Packaging Docker image

stack’s support for creating container images is a relatively recent addition, and currently isn’t covered well in the documentation. There is a reference to the image configuration section here, which was enough for my needs. After added the relevant bits, my stack.yml looks something like:

resolver: lts-3.20

packages:
- '.'

extra-deps: []

flags:
  mysite:
    library-only: false
    dev: false

extra-package-dbs: []

# This isn't required as it's set in the user config on the VM
# docker:
#     enable: true

image:
  container:
    name: mdjnewman/mysite
    base: fpco/stack-run
    add:
      config: /app/config
      static: /app/static

With that in place, running stack image container produced a Docker container ready to be pushed to Docker Hub:

[vagrant@localhost vagrant]$ stack image container
Sending build context to Docker daemon 34.25 MB
Sending build context to Docker daemon
Step 0 : FROM fpco/stack-run
 ---> db9b2a858ef5
Step 1 : ADD ./ /
 ---> e682c572d7ed
Removing intermediate container 1ce35ed1ccea
Successfully built e682c572d7ed

Running a regular docker push published the image to the registry.
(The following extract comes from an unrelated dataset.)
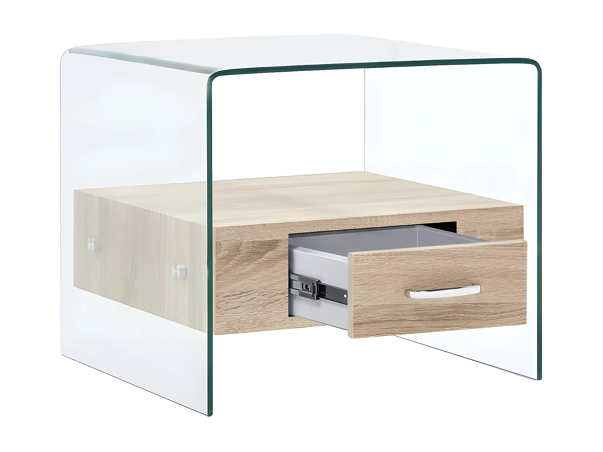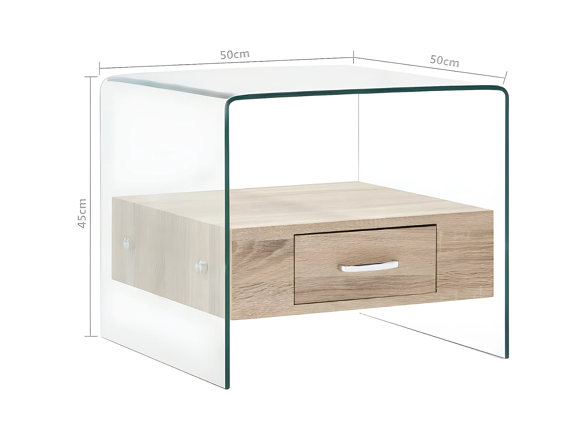 Table basse carrée 1 tiroir verre transparent et chêne clair Allissa

Deploying to Digital Ocean

After all these steps, the final package was in Docker Hub and it was just a matter of running the following commands on the droplet, and the site was live:

docker run --name=postgres -e POSTGRES_PASSWORD=$(uuidgen) -e POSTGRES_USER=postgres -d postgres:9.3

# Yes, I know UUIDs don't make the best passwords :)

docker run              \
    -d                  \
    -w /app             \
    --link postgres:postgres         \
    -p 3000:3000        \
    mdjnewman/mysite    \
    /bin/bash -c 'PGHOST=$POSTGRES_PORT_5432_TCP_ADDR PGPASS=$POSTGRES_ENV_POSTGRES_PASSWORD /usr/local/bin/mysite'

The last command is running the Yesod server, with environment variables set to the values provided by Docker (see here for info about setting configuration variables in Yesod).

The results

I’m very happy with the Yesod workflow, and stack’s Docker integration makes deploying a lot easier as I don’t have to worry about what packages are in my build and test environments. Seems like a good compromise between manually copying files around and having a full CD pipeline.

Using stack build with a LTS resolver and an isolated container is also the holy grail of repeatable builds!

There is still a lot that would need to be done (improving security, backups, logging etc) before this was closer to a production environment, but it’s good enough as a development region.

This whole process (including writing this post) from having something that I wanted to deploy to being able to view the live site took less than a day, and I was learning a lot along the way. Deciding where was the best place to host the site and waiting for Docker to pull the fpco/stack-build image took up most of the time!